Dataset content =>
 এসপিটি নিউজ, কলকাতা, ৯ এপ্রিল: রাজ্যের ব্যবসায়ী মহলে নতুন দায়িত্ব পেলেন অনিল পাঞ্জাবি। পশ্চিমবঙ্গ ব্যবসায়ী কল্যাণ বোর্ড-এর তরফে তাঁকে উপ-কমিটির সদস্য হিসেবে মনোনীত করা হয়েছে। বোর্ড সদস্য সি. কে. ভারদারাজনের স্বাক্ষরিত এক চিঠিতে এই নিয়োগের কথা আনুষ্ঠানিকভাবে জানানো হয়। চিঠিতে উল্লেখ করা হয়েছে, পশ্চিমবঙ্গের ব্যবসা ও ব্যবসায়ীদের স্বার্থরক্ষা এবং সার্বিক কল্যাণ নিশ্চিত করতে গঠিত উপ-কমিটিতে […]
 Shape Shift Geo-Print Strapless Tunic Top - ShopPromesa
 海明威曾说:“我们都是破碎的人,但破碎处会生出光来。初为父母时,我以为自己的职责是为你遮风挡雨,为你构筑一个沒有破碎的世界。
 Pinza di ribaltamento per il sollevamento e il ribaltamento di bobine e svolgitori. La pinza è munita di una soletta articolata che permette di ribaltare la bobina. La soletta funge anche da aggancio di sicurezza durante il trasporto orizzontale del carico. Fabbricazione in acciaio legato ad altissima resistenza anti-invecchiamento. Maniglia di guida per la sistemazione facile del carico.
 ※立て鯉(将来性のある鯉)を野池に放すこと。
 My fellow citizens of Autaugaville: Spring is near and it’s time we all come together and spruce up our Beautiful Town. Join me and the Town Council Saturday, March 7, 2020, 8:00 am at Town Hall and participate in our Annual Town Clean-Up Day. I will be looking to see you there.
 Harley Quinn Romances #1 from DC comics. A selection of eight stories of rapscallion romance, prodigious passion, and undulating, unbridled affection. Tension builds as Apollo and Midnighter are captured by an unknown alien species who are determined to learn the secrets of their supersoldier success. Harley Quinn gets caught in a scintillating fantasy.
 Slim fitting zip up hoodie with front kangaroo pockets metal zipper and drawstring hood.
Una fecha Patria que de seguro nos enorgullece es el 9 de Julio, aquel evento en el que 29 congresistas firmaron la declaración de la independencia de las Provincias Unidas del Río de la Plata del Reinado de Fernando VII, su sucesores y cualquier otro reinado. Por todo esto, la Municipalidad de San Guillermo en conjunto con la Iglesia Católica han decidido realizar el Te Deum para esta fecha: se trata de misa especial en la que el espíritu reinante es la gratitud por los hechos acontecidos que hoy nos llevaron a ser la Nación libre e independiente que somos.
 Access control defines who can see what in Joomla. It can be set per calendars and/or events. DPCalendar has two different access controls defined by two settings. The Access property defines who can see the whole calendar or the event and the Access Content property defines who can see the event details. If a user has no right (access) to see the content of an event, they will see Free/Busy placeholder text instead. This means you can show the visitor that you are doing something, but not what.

Work instructions =>
Copy each line of the preceding data that contains the string "will".

Answer for this exercise =>
 My fellow citizens of Autaugaville: Spring is near and it’s time we all come together and spruce up our Beautiful Town. Join me and the Town Council Saturday, March 7, 2020, 8:00 am at Town Hall and participate in our Annual Town Clean-Up Day. I will be looking to see you there.
 Access control defines who can see what in Joomla. It can be set per calendars and/or events. DPCalendar has two different access controls defined by two settings. The Access property defines who can see the whole calendar or the event and the Access Content property defines who can see the event details. If a user has no right (access) to see the content of an event, they will see Free/Busy placeholder text instead. This means you can show the visitor that you are doing something, but not what.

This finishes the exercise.